#### REQUIRED ACTION
With the pictures removed, write out the full listing below exactly.
┌─ DATA SEGMENT
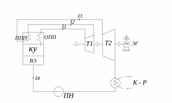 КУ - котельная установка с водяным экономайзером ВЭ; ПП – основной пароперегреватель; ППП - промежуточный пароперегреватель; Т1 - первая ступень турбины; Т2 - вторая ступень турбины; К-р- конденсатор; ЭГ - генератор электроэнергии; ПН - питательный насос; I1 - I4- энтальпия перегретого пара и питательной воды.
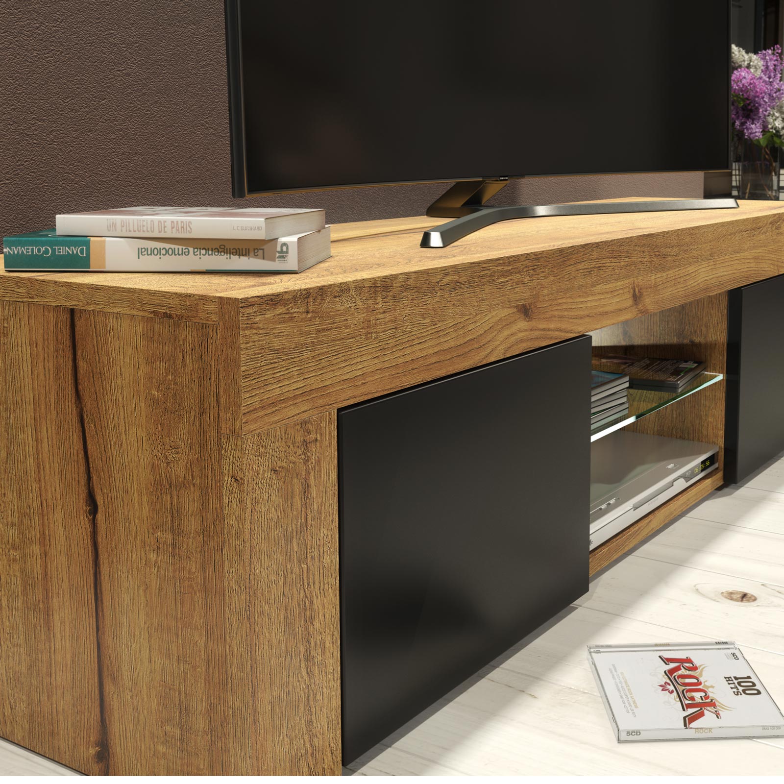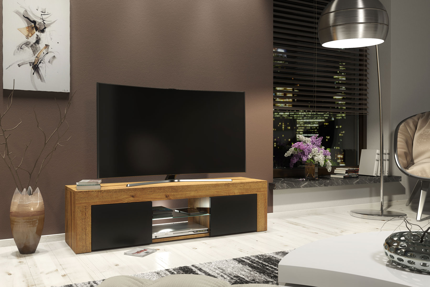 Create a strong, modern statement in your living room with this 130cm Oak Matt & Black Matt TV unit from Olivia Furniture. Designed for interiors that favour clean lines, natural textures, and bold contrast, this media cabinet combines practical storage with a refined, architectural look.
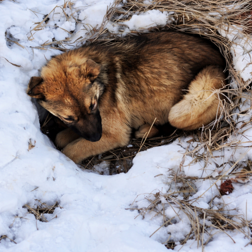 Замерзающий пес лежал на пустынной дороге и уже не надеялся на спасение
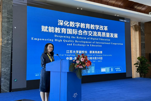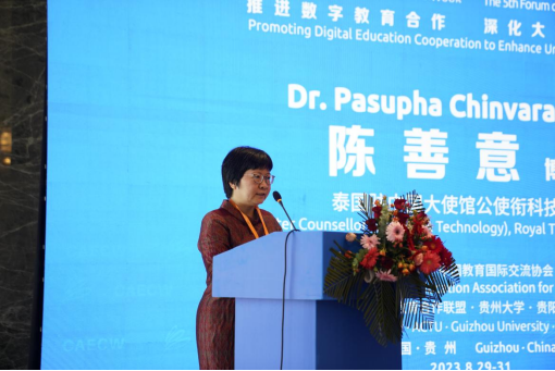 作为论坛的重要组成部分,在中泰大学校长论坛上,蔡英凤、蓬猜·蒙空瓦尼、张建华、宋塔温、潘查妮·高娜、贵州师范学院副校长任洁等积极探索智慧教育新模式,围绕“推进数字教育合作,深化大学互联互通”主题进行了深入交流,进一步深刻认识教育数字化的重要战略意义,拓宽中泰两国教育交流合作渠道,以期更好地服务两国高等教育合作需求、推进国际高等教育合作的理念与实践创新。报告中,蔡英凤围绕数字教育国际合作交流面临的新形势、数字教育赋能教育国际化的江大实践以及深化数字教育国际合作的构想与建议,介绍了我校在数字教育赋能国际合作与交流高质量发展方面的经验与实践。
└─
#### YOUR SOLUTION
 КУ - котельная установка с водяным экономайзером ВЭ; ПП – основной пароперегреватель; ППП - промежуточный пароперегреватель; Т1 - первая ступень турбины; Т2 - вторая ступень турбины; К-р- конденсатор; ЭГ - генератор электроэнергии; ПН - питательный насос; I1 - I4- энтальпия перегретого пара и питательной воды.
 Create a strong, modern statement in your living room with this 130cm Oak Matt & Black Matt TV unit from Olivia Furniture. Designed for interiors that favour clean lines, natural textures, and bold contrast, this media cabinet combines practical storage with a refined, architectural look.
 Замерзающий пес лежал на пустынной дороге и уже не надеялся на спасение
 作为论坛的重要组成部分,在中泰大学校长论坛上,蔡英凤、蓬猜·蒙空瓦尼、张建华、宋塔温、潘查妮·高娜、贵州师范学院副校长任洁等积极探索智慧教育新模式,围绕“推进数字教育合作,深化大学互联互通”主题进行了深入交流,进一步深刻认识教育数字化的重要战略意义,拓宽中泰两国教育交流合作渠道,以期更好地服务两国高等教育合作需求、推进国际高等教育合作的理念与实践创新。报告中,蔡英凤围绕数字教育国际合作交流面临的新形势、数字教育赋能教育国际化的江大实践以及深化数字教育国际合作的构想与建议,介绍了我校在数字教育赋能国际合作与交流高质量发展方面的经验与实践。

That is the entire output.